| EXERCISE GOAL |
An exact copy of every record below is needed, with the pictures left out.

___ RECORDS FOR THIS EXERCISE

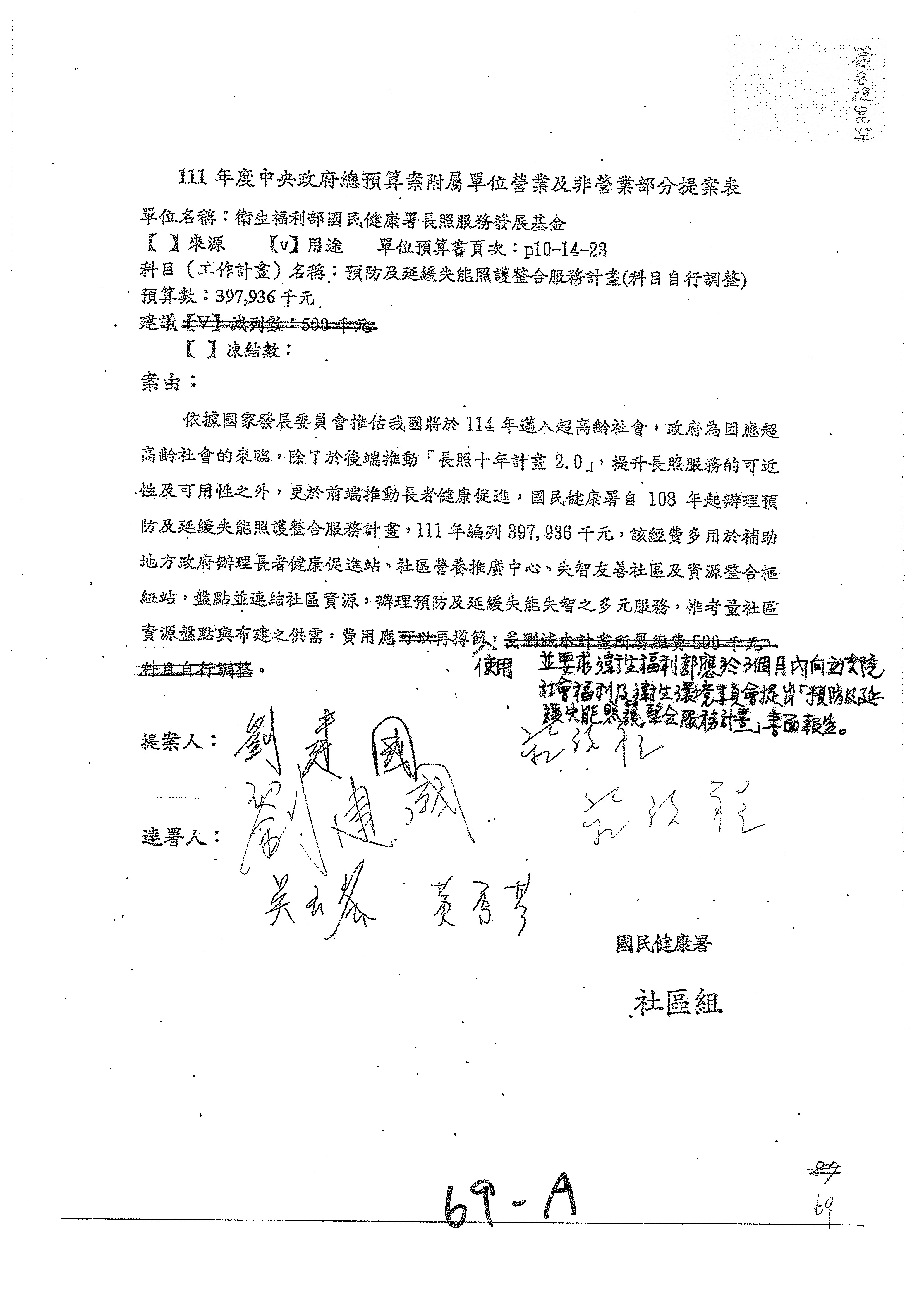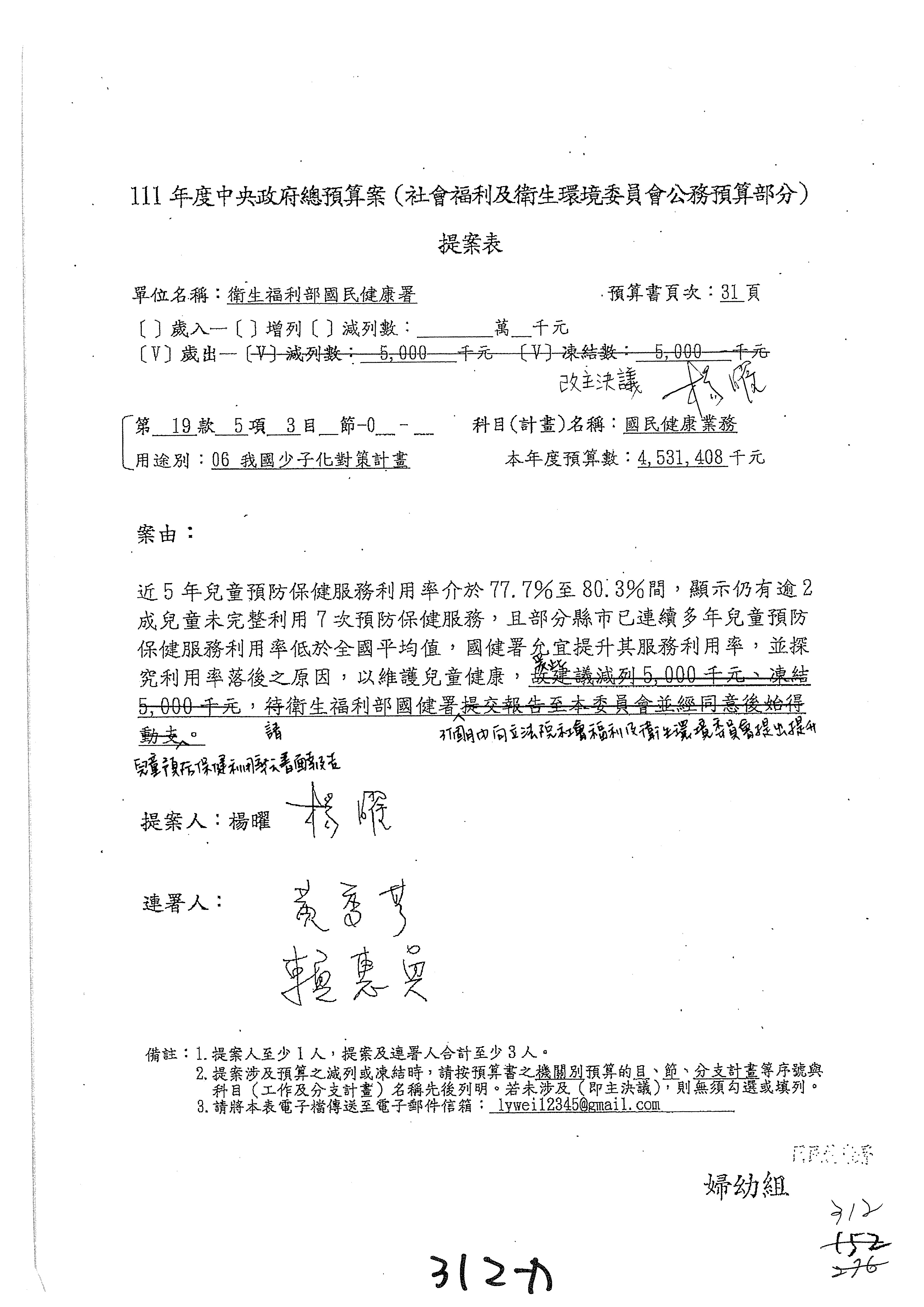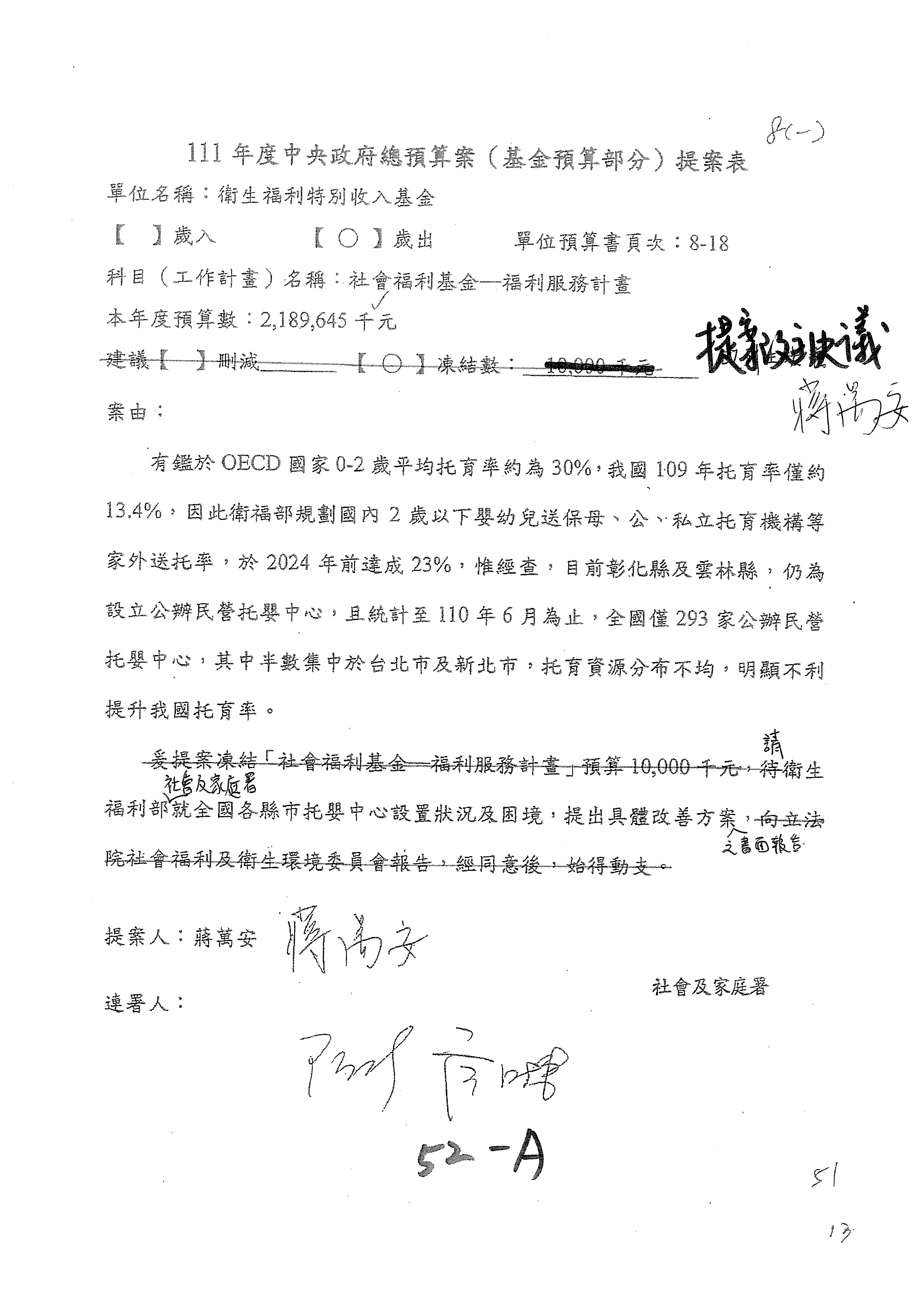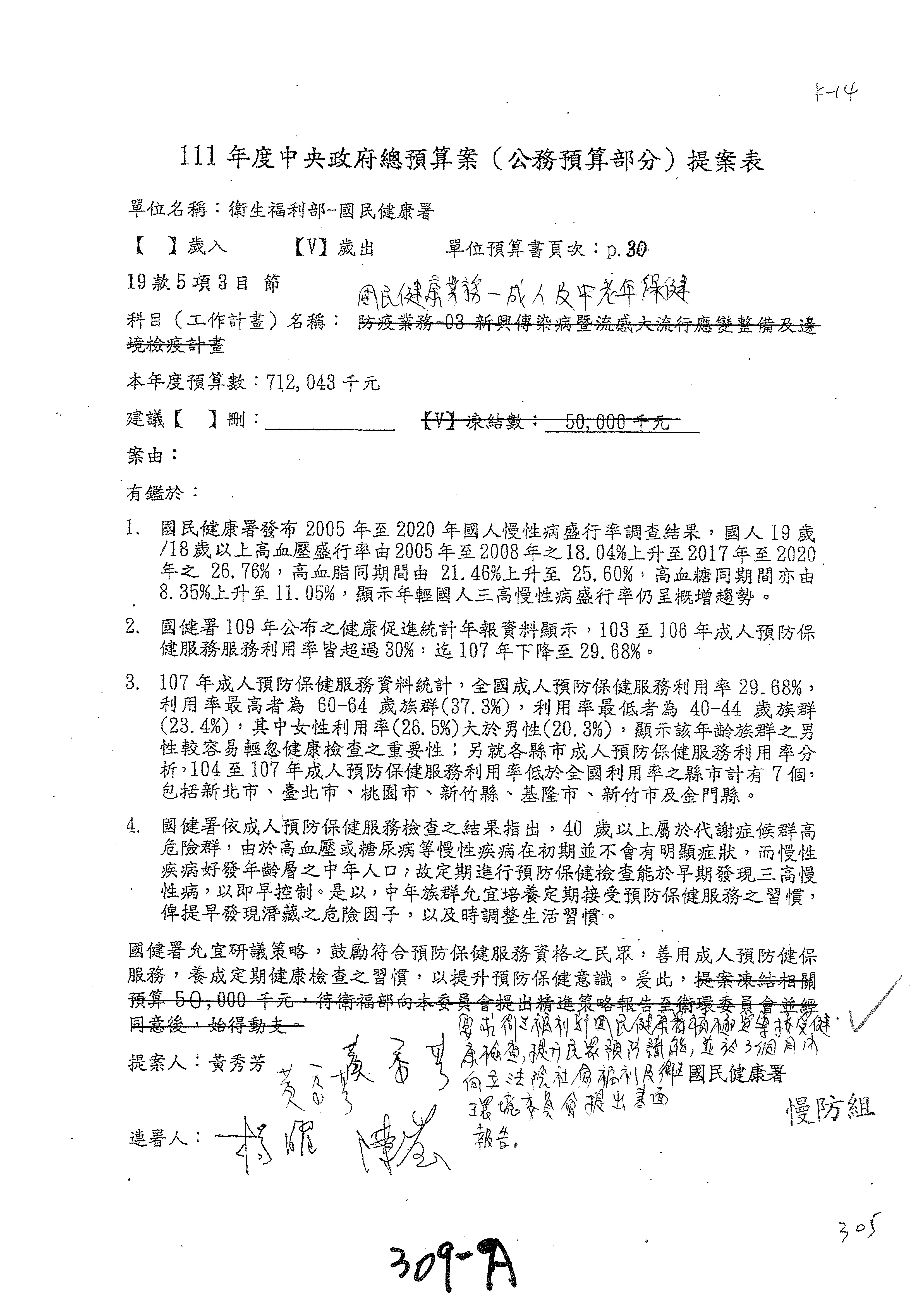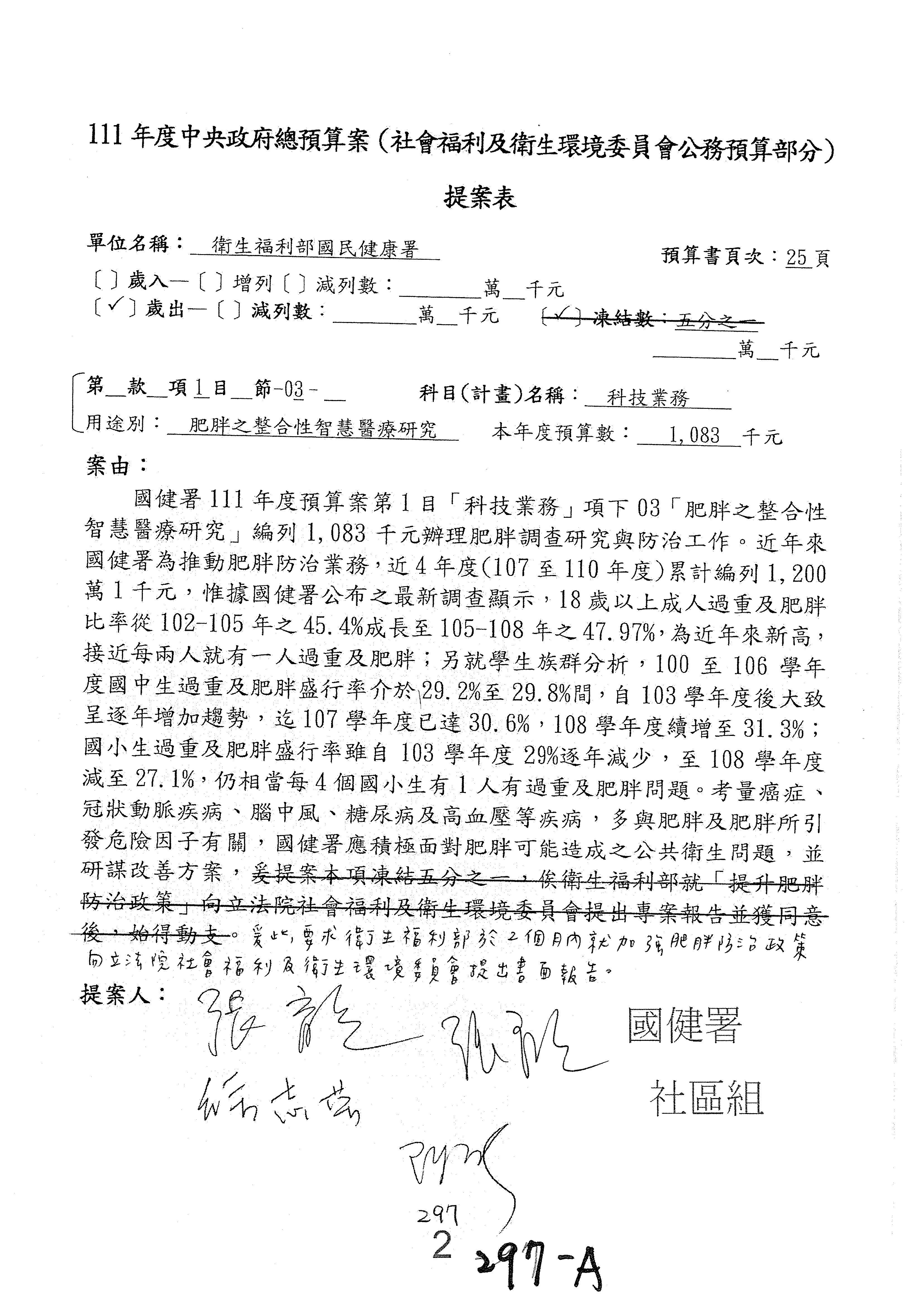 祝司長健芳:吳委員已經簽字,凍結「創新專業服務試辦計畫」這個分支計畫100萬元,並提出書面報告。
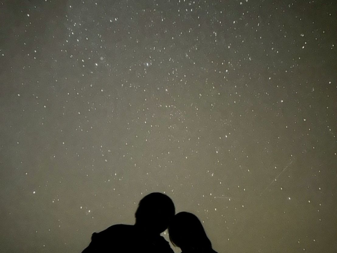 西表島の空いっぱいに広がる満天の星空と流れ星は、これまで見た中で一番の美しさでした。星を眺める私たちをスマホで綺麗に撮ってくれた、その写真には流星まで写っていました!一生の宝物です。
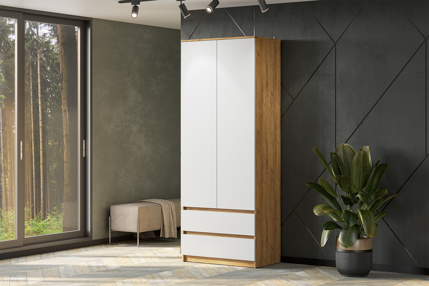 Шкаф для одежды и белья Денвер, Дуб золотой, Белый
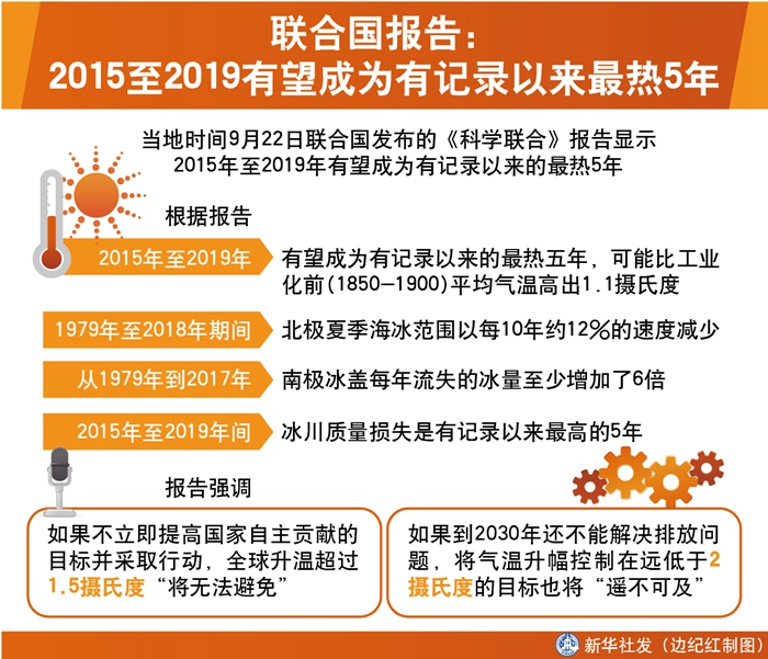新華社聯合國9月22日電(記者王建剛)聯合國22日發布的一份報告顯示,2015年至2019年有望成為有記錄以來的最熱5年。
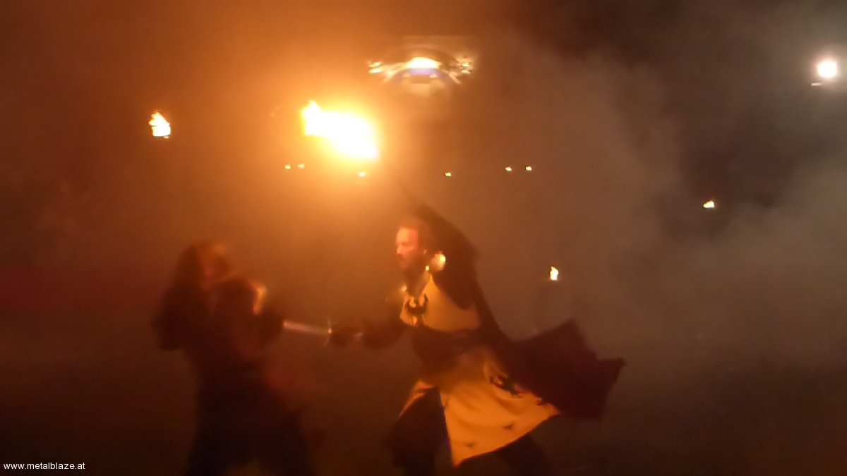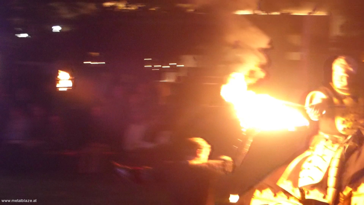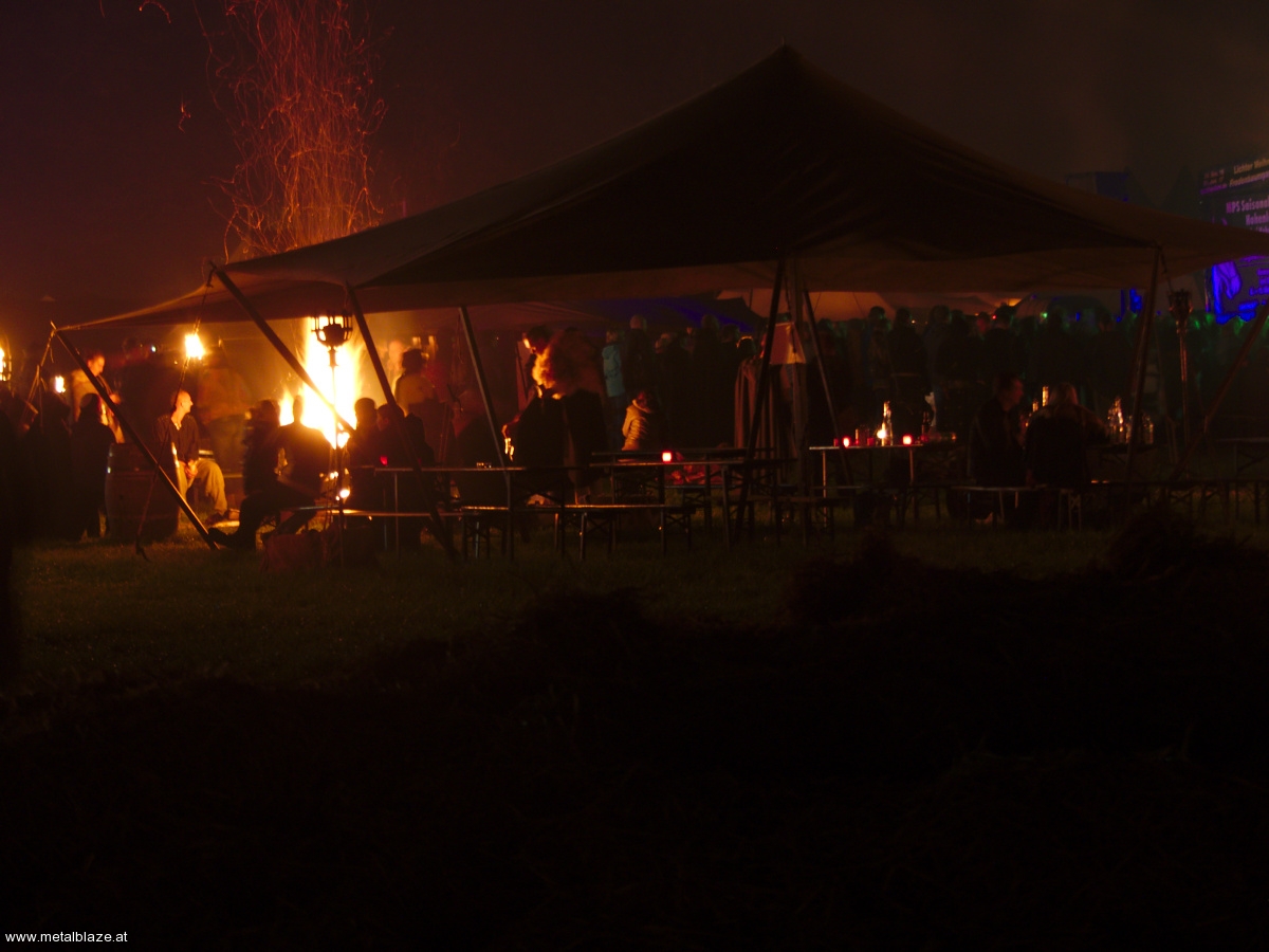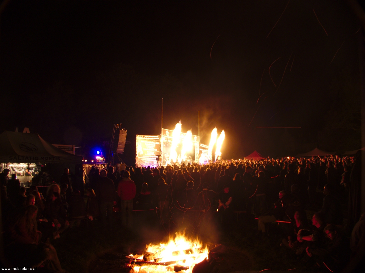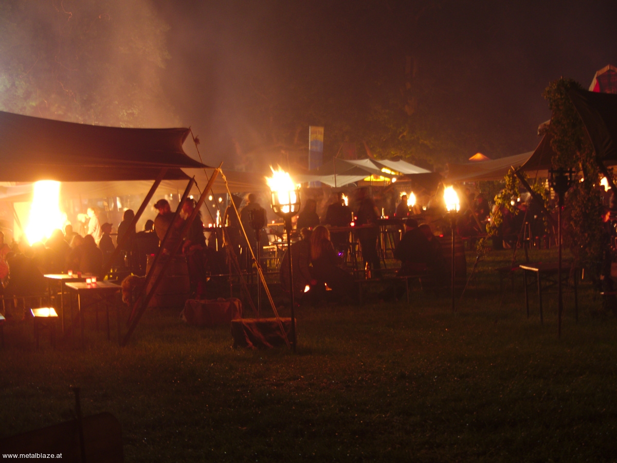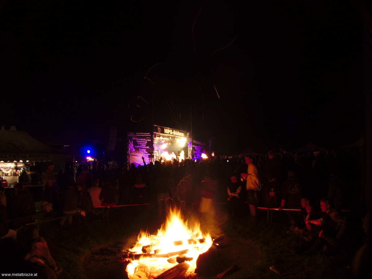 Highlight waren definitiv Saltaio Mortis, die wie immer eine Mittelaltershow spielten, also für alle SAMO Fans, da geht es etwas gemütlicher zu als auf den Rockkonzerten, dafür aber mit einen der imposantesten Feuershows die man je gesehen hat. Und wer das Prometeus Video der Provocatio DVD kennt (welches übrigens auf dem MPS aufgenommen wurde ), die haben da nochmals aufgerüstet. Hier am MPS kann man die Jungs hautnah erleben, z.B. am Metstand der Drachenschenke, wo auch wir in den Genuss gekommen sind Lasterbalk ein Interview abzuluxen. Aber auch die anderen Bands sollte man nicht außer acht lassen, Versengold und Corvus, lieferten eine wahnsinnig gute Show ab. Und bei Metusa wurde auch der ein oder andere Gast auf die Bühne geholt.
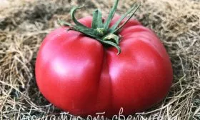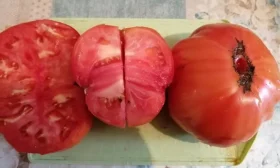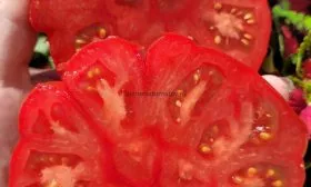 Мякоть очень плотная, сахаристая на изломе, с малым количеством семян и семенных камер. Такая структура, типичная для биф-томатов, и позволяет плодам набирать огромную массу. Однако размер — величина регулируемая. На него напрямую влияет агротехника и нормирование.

______

| REPLY |
 祝司長健芳:吳委員已經簽字,凍結「創新專業服務試辦計畫」這個分支計畫100萬元,並提出書面報告。
 西表島の空いっぱいに広がる満天の星空と流れ星は、これまで見た中で一番の美しさでした。星を眺める私たちをスマホで綺麗に撮ってくれた、その写真には流星まで写っていました!一生の宝物です。
 Шкаф для одежды и белья Денвер, Дуб золотой, Белый
新華社聯合國9月22日電(記者王建剛)聯合國22日發布的一份報告顯示,2015年至2019年有望成為有記錄以來的最熱5年。
 Highlight waren definitiv Saltaio Mortis, die wie immer eine Mittelaltershow spielten, also für alle SAMO Fans, da geht es etwas gemütlicher zu als auf den Rockkonzerten, dafür aber mit einen der imposantesten Feuershows die man je gesehen hat. Und wer das Prometeus Video der Provocatio DVD kennt (welches übrigens auf dem MPS aufgenommen wurde ), die haben da nochmals aufgerüstet. Hier am MPS kann man die Jungs hautnah erleben, z.B. am Metstand der Drachenschenke, wo auch wir in den Genuss gekommen sind Lasterbalk ein Interview abzuluxen. Aber auch die anderen Bands sollte man nicht außer acht lassen, Versengold und Corvus, lieferten eine wahnsinnig gute Show ab. Und bei Metusa wurde auch der ein oder andere Gast auf die Bühne geholt.
 Мякоть очень плотная, сахаристая на изломе, с малым количеством семян и семенных камер. Такая структура, типичная для биф-томатов, и позволяет плодам набирать огромную массу. Однако размер — величина регулируемая. На него напрямую влияет агротехника и нормирование.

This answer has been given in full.